Also, Oster ignored qualifications made by researchers, such as the Duke University study finding that masks can minimize the spread in schools. Inresponse to my questions on methodology, co-author Daniel Benjamin volunteered what it takes to safely reopen schools:

Is that there is 99% mask compliance for every person in the mainstream curriculum that steps on school property. It’s the mitigation strategies—distancing, masking, hand hygiene that are crucially important. If a school district does not do these things, they will likely make the pandemic worse by being open. This is why we don’t advise “you should open” or “you should go remote”…. It’s all about the public health measures.

At that time, I worried about Gov. Ron DeSantis and Oklahoma Gov. Kevin Stitt citing Oster while pressuring schools to open up and drop protections. Neither did I understand why more journalists were not challenging her misuse of sources, and her repeated attacks on teachers unions, especially in publications funded by the Billionaires Boys Club. I sensed Oster’s methodology would cost lives. But, I didn’t want to prejudge researchers at a time when lives were on the line, so I didn’t connect the dots.

But Cartus and Feldman connect the dots and write about Oster’s important role in making:

The “data-driven” case for peeling away successive layers of COVID mitigations: first ending remote instruction in favor of hybrid learning, then ending hybrid learning in favor of a full return to in-person instruction, then eliminating quarantine for those exposed to the virus. … Her vision for schooling during the pandemic ultimately involves abandoning universal public health measures altogether, turning masking and vaccination into individual, personal choices.

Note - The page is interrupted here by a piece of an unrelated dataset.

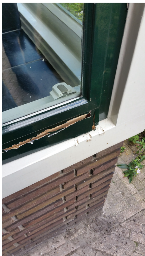
Inbraakschade, foto Politie Amersfoort

De wijkagenten zitten zelf ook in de WhatsApp-groepen. Als het echt alleen over veiligheid gaat, dan doen zij mee. Zij bekijken hoe en wat er gemeld wordt en reageren daarop. Ook adviseren zij de bewoners en geven informatie. Zij denken
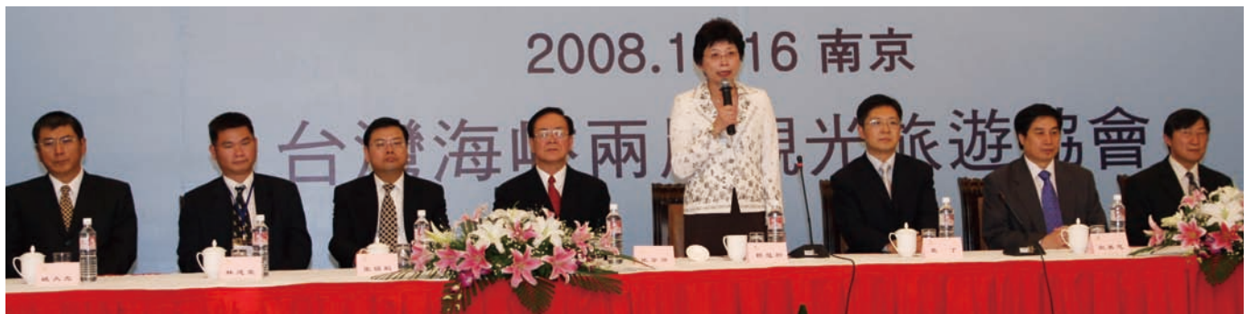
推廣代表團於台灣觀光旅遊說明會上積極宣傳近日針對陸客入台申請手續的各項簡化措施，增加陸客來台旅遊意願

隨著大陸出國觀光人數的遽增及消費力的提升，大陸觀光客已成為各國發展觀光競相爭取的主要客源之一，各國紛紛前往大陸地區辦理推廣行銷活動、參與旅展以招攬客源。兩岸長期特殊的政治關係以及台灣各方面快速發展之成就，讓大陸人民對台灣產生極大的好奇心，觀光旅遊開放之後，許多人都有興趣前來台灣觀光，進一步認識台灣。有鑑於此，觀光局積極整合公私部門觀光產業資源，並透過民間長期建立的友好基礎，努力提升陸客來台旅遊人數，希望為台灣觀光業帶來商機，創造雙方旅遊業雙贏利益。此次觀光局主辦的大陸推廣活動，成功引起大陸民眾對赴台旅遊議題之關注，並提升大陸旅遊業者對台灣整體接待環境之認識。觀光局首度前進大陸辦理說明會，成果豐碩，獲得兩岸旅遊業者一致肯定，盼未來有更多推廣活動，有助拓展大陸觀光客源。

Cartus and Feldman address my question why her work “attracted little scrutiny.” It was more than journalists and experts being unaware of the differences between the highest poverty schools and the schools their children attend. Most importantly her work:

Has been funded since last summer by organizations that,without exception, have explicit commitments to opposing teacher’s unions, supporting charter schools, and expanding corporate freedom. In addition to grants from the Chan Zuckerberg Initiative, the Walton Family Foundation, and Arnold Ventures, Oster has received funding from far-right billionaire Peter Thiel. The Thiel grant awarded to Oster was administered by the Mercatus Center, the think tank founded and financed by the Koch family.

Cartus and Feldman went deeper than I did in explaining the damage that Oster prompted. For instance, in her “2020 article in The Atlantic, ‘Schools Aren’t Super-Spreaders,’ Oster “assured readers in no uncertain terms that COVID transmission simply did not occur in schools at a rate that would necessitate closures.” But the analysis underlying the piece “drew on a sample of miniscule size—a mere two weeks of school data, reported in the second half of September 2020.” The sample was also biased by the fact that it was collected only from schools voluntarily participating in the Dashboard.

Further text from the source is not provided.